◆ Activity
Every line from the one with "Printed on premium" to the one with "Walnut Color Flush", including those two, is to be copied exactly; all other lines of the entries below are left out.

◆ Given data
□ □ □ □ □
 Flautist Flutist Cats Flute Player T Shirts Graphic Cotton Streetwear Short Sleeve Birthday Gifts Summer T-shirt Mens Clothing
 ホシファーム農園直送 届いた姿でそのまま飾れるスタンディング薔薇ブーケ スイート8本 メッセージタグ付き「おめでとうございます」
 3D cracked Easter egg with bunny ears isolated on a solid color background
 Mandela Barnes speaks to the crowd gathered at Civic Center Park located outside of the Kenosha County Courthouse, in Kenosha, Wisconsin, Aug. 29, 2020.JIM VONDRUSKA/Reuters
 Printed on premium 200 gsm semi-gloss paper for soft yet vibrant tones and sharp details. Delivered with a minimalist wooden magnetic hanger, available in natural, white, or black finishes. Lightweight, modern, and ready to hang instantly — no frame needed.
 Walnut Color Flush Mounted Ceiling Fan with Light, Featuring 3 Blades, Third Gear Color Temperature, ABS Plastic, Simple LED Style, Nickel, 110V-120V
□ □ □ □ □
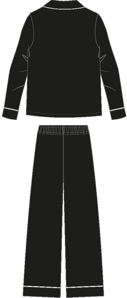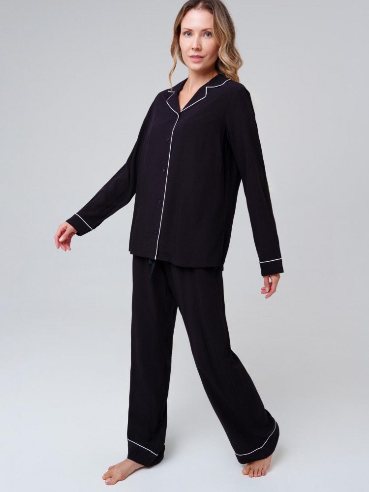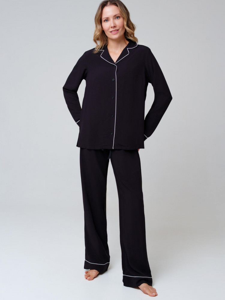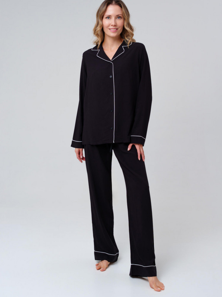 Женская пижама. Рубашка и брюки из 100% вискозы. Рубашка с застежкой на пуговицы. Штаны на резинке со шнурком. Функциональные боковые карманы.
□ □ □ □ □
◆ Solution to this problem
 Printed on premium 200 gsm semi-gloss paper for soft yet vibrant tones and sharp details. Delivered with a minimalist wooden magnetic hanger, available in natural, white, or black finishes. Lightweight, modern, and ready to hang instantly — no frame needed.
 Walnut Color Flush Mounted Ceiling Fan with Light, Featuring 3 Blades, Third Gear Color Temperature, ABS Plastic, Simple LED Style, Nickel, 110V-120V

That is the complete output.